By CleanSteve

Fromebanks seen from the ruins of Capel's Mill

I took the car to have new wheel bearings fitted early this morning and then enjoyed a breakfast snack in the nearby Waitrose cafe whilst waiting for the CAB to open. I then went there to get advice on my rights regarding the computer problems I'm still having, and which are getting exceedingly tiresome. They were very helpful but couldn't actually do much for me. I will have to do it for myself.

Eventually I returned home on foot, and mulled over my options which I will initiate tomorrow. In the middle of the afternoon I got a call from the garage owner to say the car was ready, so I headed down the hill and then along the valley taking a short bus ride in the middle of the route.

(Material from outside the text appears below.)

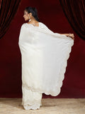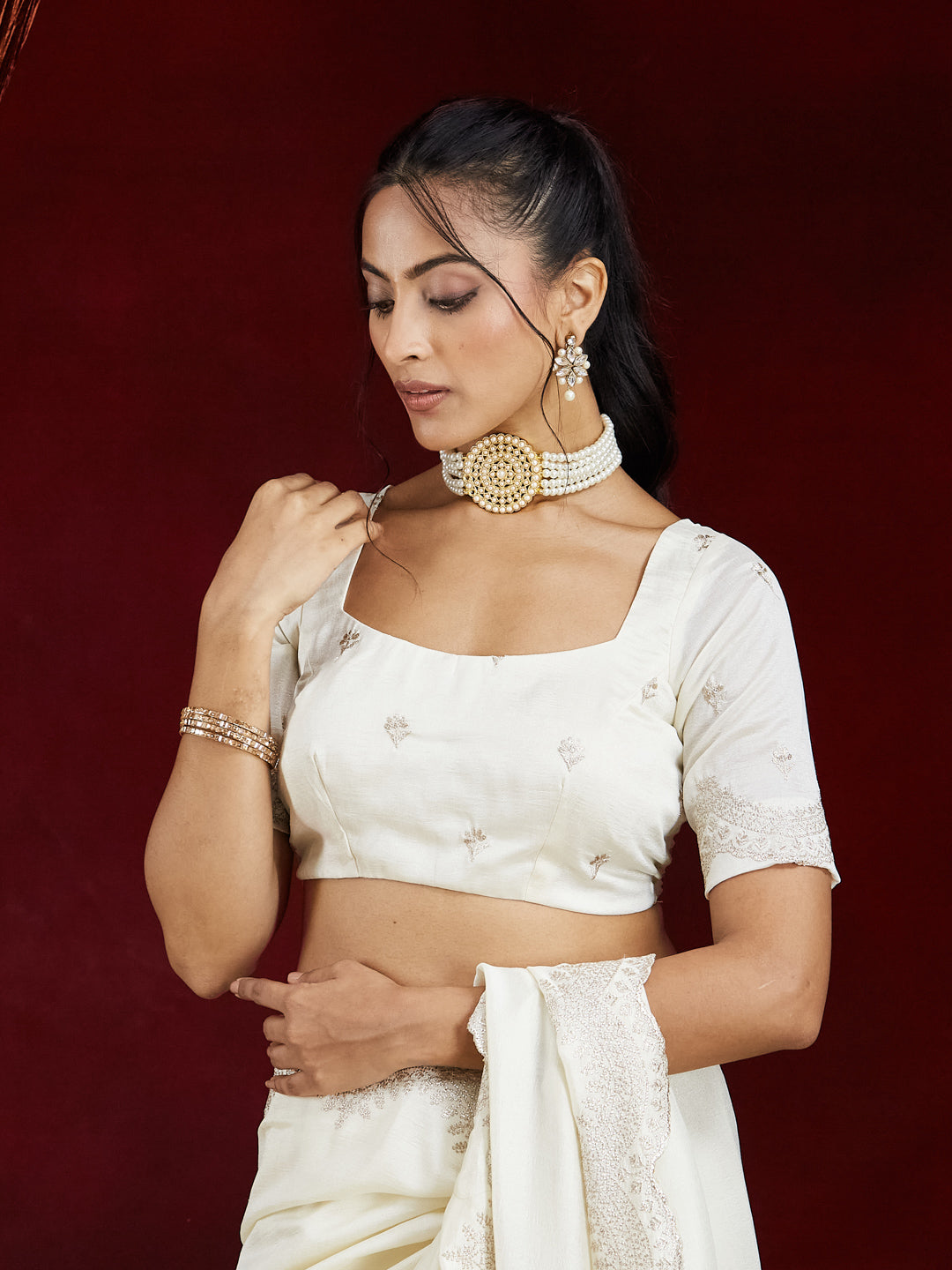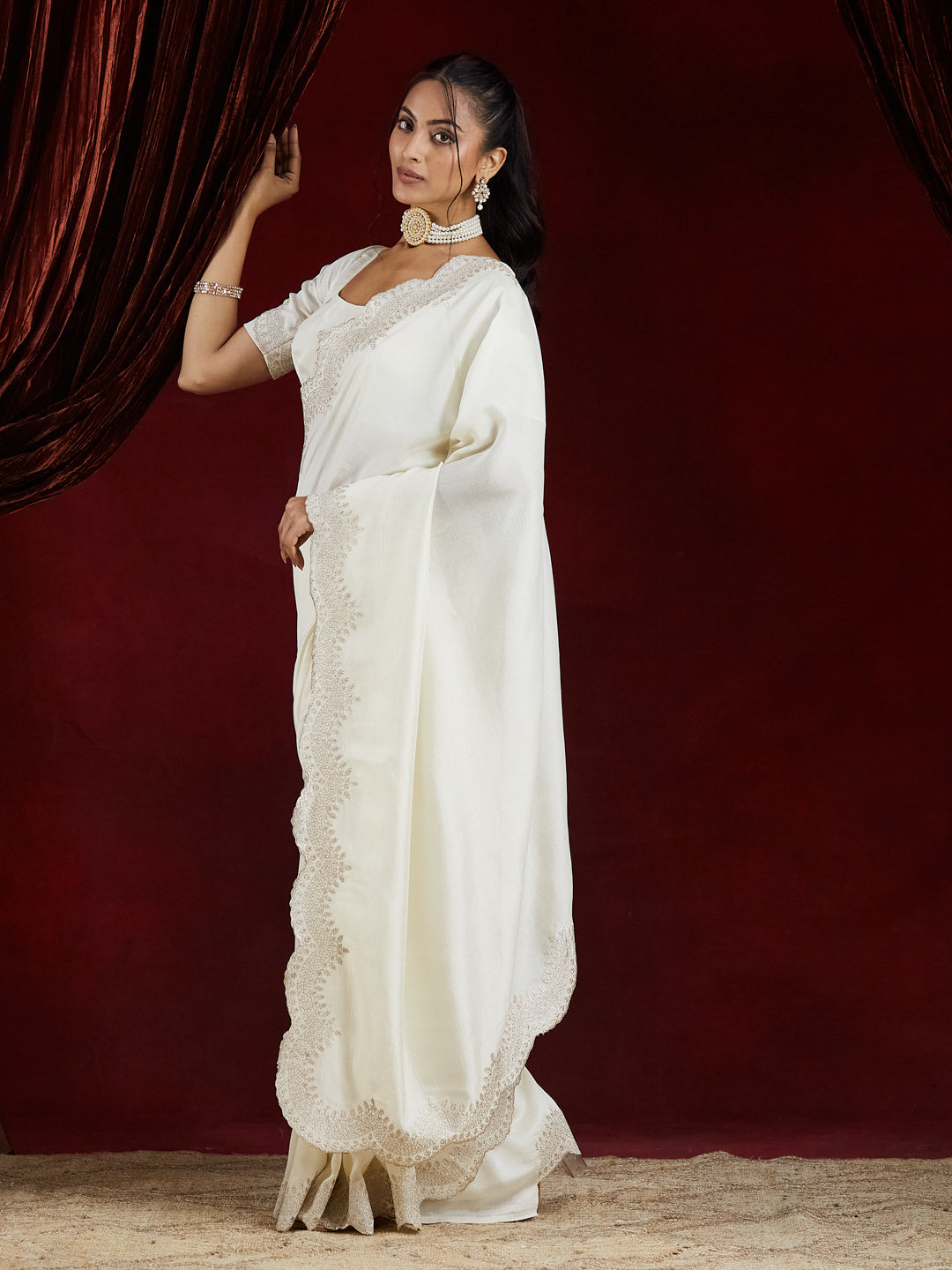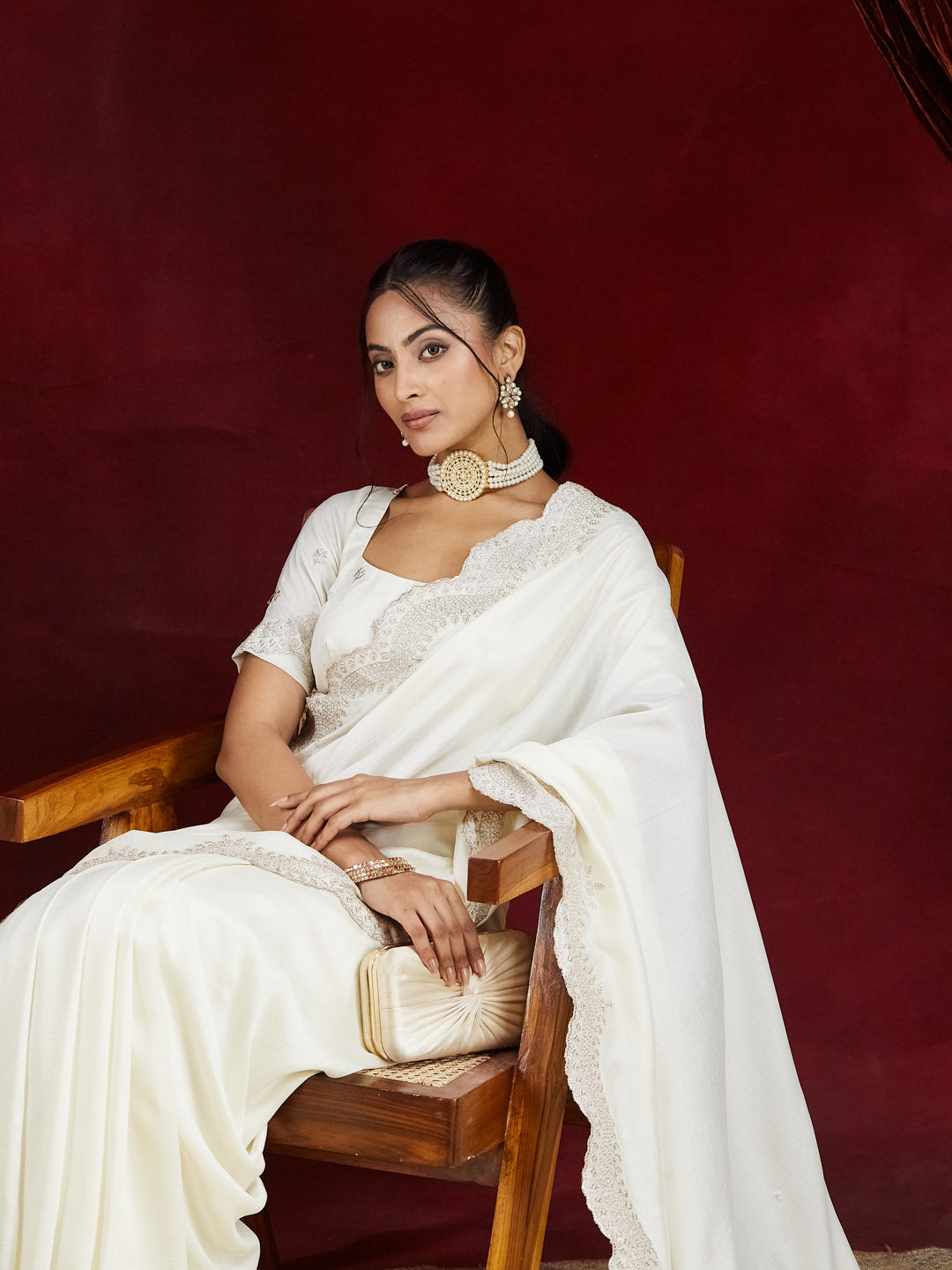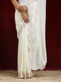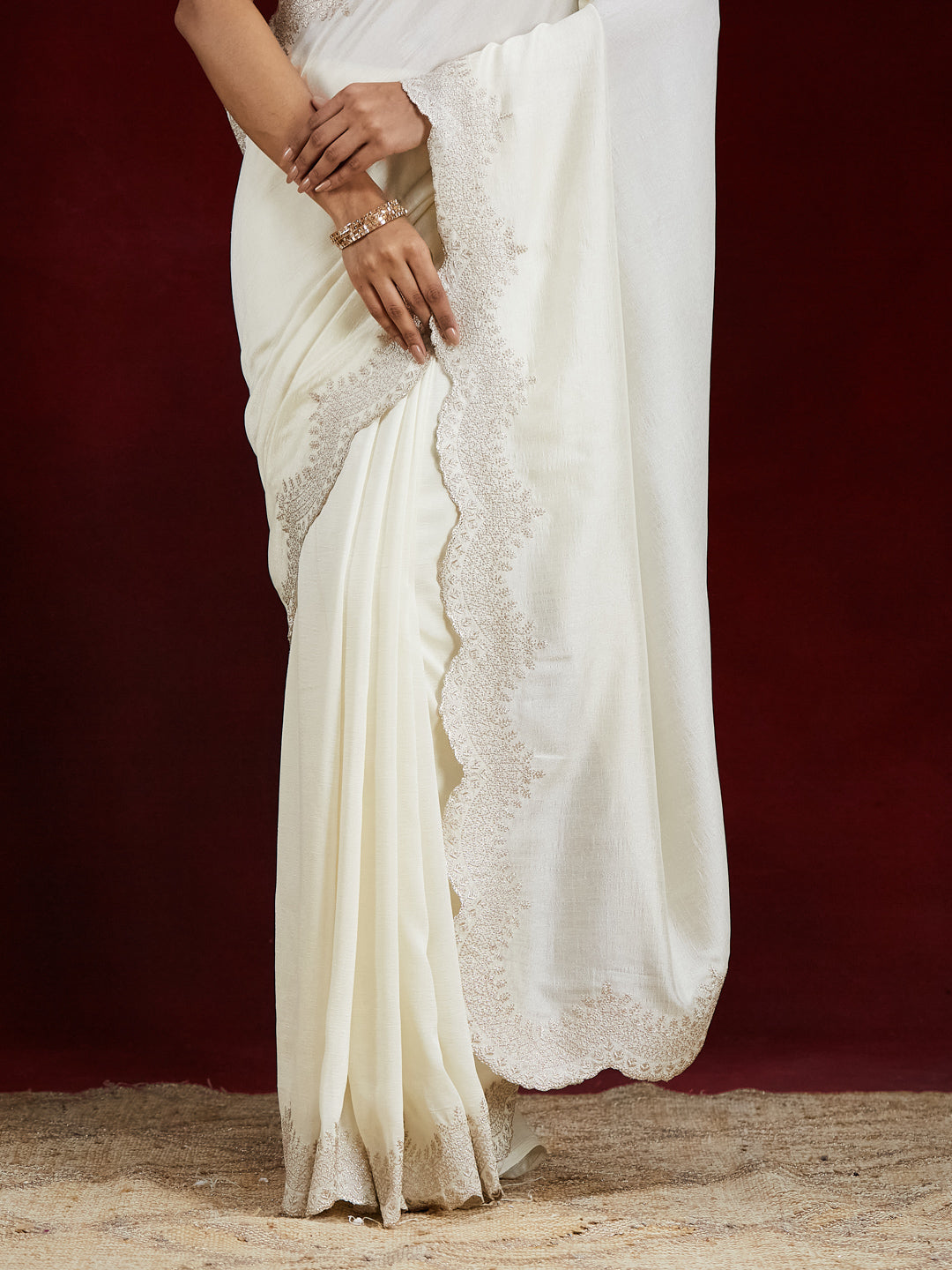 Step into understated luxury with this graceful off-white saree designed in a silk cotton blend fabric. The minimal yet refined look is elevated by an intricately embroidered scalloped border in threadwork, lending it an ethereal charm. This saree is ideal for both traditional and contemporary occasions, offering a clean, polished look with a modern silhouette. The accompanying blouse mirrors the simplicity of the saree with delicate embroidered motifs on the sleeves, perfectly harmonizing with the saree's border. A timeless piece that can be styled up or down for any event — be it a festive gathering, day function, or formal celebration.

My route on foot came close to the canal and river at Capel's Mill so I decided to take a detour there for a short break by the river. It was very calming hearing the fast flowing water tumbling over the old mill race, all that is left of the old Capel's Mill complex nw sited underneath the high arches of the railway viaduct. Regular viewers of my blips will know how much I like being there and seeing the wildlife close at hand. Today I saw no kingfishers nor white-thoated dippers, which are so often busying themselves at that spot. I watched a wagtail for a short time but my pictures were very dark in the shadowy light under the arches. It might have helped if I'd remembered I had a polarising filter on that lens, which certainly didn't help!

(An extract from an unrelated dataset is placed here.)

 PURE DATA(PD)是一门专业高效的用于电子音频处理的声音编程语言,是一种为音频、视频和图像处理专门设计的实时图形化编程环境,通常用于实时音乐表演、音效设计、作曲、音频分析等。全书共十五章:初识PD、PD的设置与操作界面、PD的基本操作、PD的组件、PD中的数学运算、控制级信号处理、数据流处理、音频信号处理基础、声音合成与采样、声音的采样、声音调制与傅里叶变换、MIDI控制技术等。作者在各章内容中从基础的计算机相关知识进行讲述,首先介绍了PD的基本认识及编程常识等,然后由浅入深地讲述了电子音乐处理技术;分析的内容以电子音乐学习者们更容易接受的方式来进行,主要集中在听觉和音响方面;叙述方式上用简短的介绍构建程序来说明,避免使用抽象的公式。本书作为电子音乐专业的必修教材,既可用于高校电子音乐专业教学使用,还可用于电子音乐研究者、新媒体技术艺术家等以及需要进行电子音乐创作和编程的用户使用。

Just before I was readying to go on to pick up the car i had two brief interludes with two different groups of people. K. was visiting Stroud from Birmingham, with his friend, and had come to the river by chance. He had exactly the same camera as me and similar lenses so we had a good chat and I pointed out some of the delights of the area. They then moved on and two more people passed by and we engaged in conversation about kingfishers and dippers. I mentioned to both pairs that if they looked at this journal they could see some fo the wildlife I had blipped from there. By the time I came to write this, I see that 'I' has become a new follower, so I would like to say hello to them all.

Just before I left I took this picture looking downstream when standing on the old stones, of what is left of original mill race. Fromebanks is now a nature reserve and rather a wonderful and idyllic place t have no more than four hundred yards from the town centre.